> _Problem to work on_
Return each entry word for word and skip its pictures.

> _Data shown_
+===+

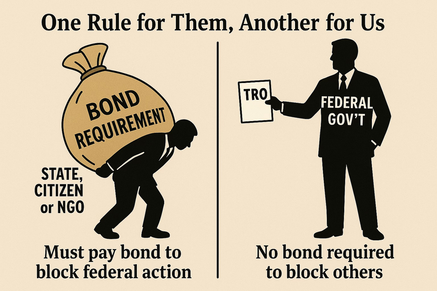 Meanwhile, the federal government itself can seek injunctions without posting a bond, which elevates federal power above the rule of law.4
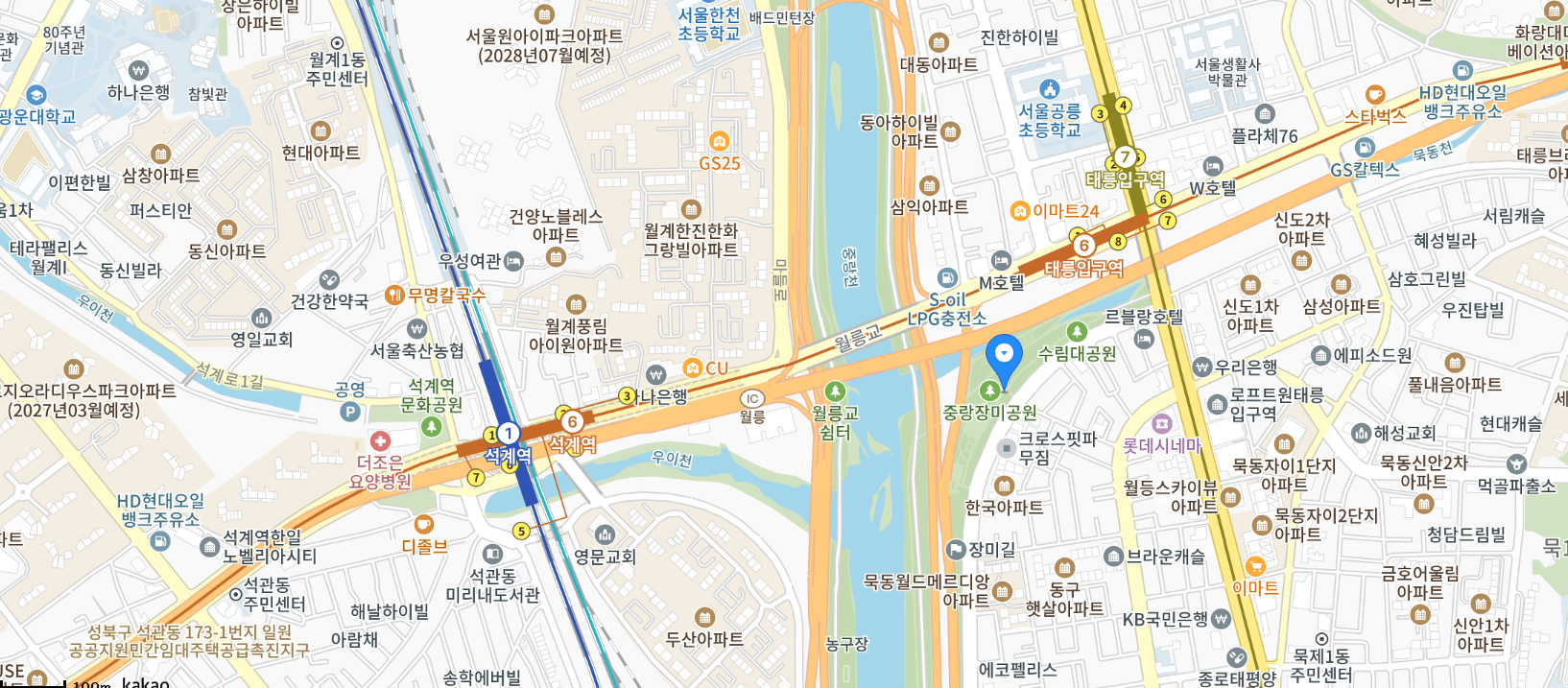 - 7호선 태릉입구역 8번 출구 → 묵동교 방향 도보 이동
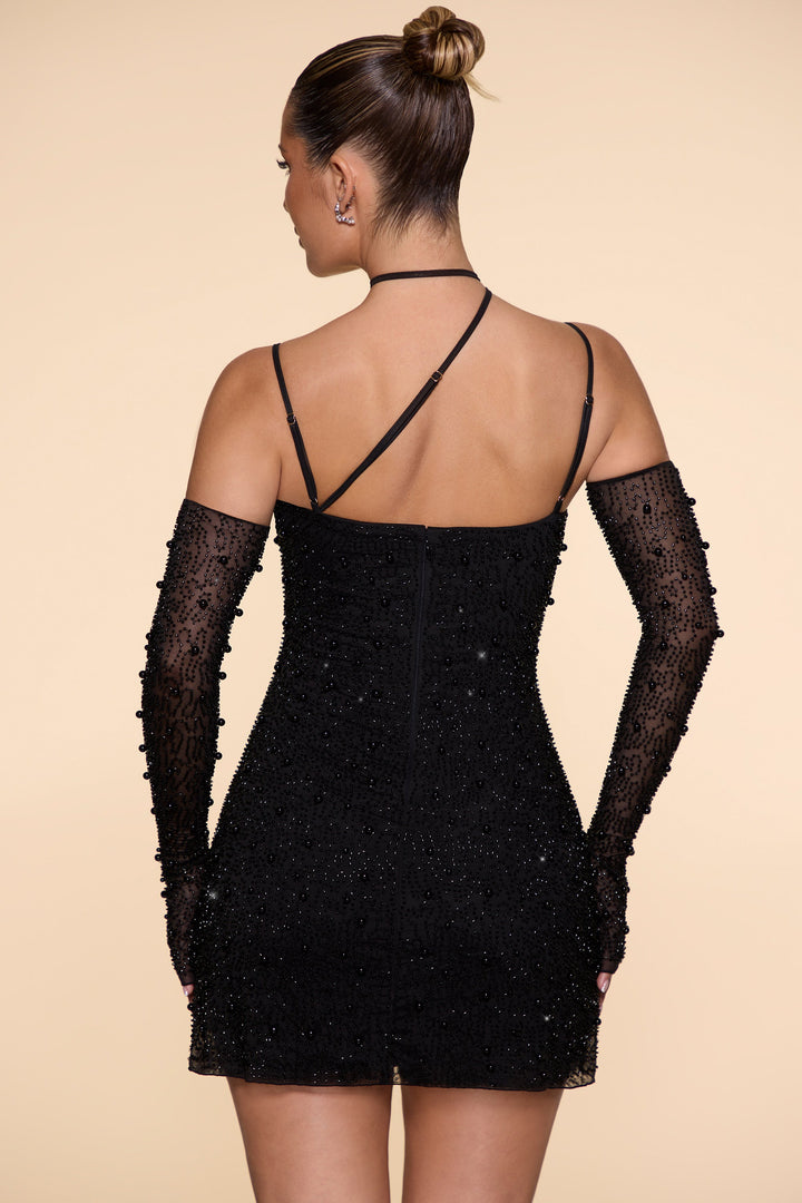 Siyah İşlemeli Asimetrik Korse Mini Elbise
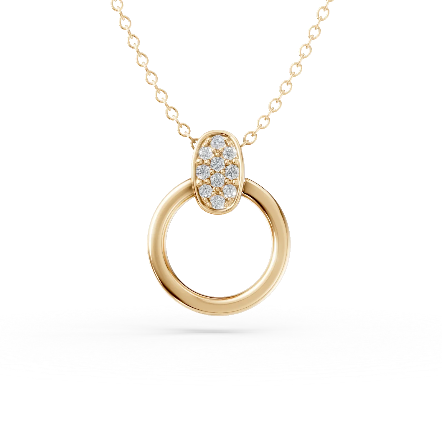 Lant cu pandantiv rotund din aur galben cu zirconii
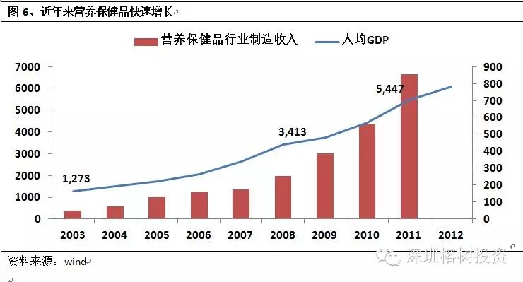 从过去十年国内行业发展来看,我国人均GDP从2001年的1000美元提高到2011年的5400美元。从国际惯例来看,当人均GDP从3000美元向8000美元的跃升阶段中,消费者在保健品消费形态方面将会发生趋势性变化,保健品在消费属性上从可选消费品向必须消费品转变,行业进入一轮快速成长的周期。在上世纪70年代,美国、日本、西欧的保健品行业都经过类似的高增长阶段。最近的例子就是03-10年的巴西,人均GDP从3118美元攀升至10957美元的过程中,巴西保健品行业经历了一轮行业CAGR达22%的高速增长阶段,行业总量从03年的7亿美元增长到2010年的28亿美元。

+===+

> _Response area_
 Meanwhile, the federal government itself can seek injunctions without posting a bond, which elevates federal power above the rule of law.4
 - 7호선 태릉입구역 8번 출구 → 묵동교 방향 도보 이동
 Siyah İşlemeli Asimetrik Korse Mini Elbise
 Lant cu pandantiv rotund din aur galben cu zirconii
 从过去十年国内行业发展来看,我国人均GDP从2001年的1000美元提高到2011年的5400美元。从国际惯例来看,当人均GDP从3000美元向8000美元的跃升阶段中,消费者在保健品消费形态方面将会发生趋势性变化,保健品在消费属性上从可选消费品向必须消费品转变,行业进入一轮快速成长的周期。在上世纪70年代,美国、日本、西欧的保健品行业都经过类似的高增长阶段。最近的例子就是03-10年的巴西,人均GDP从3118美元攀升至10957美元的过程中,巴西保健品行业经历了一轮行业CAGR达22%的高速增长阶段,行业总量从03年的7亿美元增长到2010年的28亿美元。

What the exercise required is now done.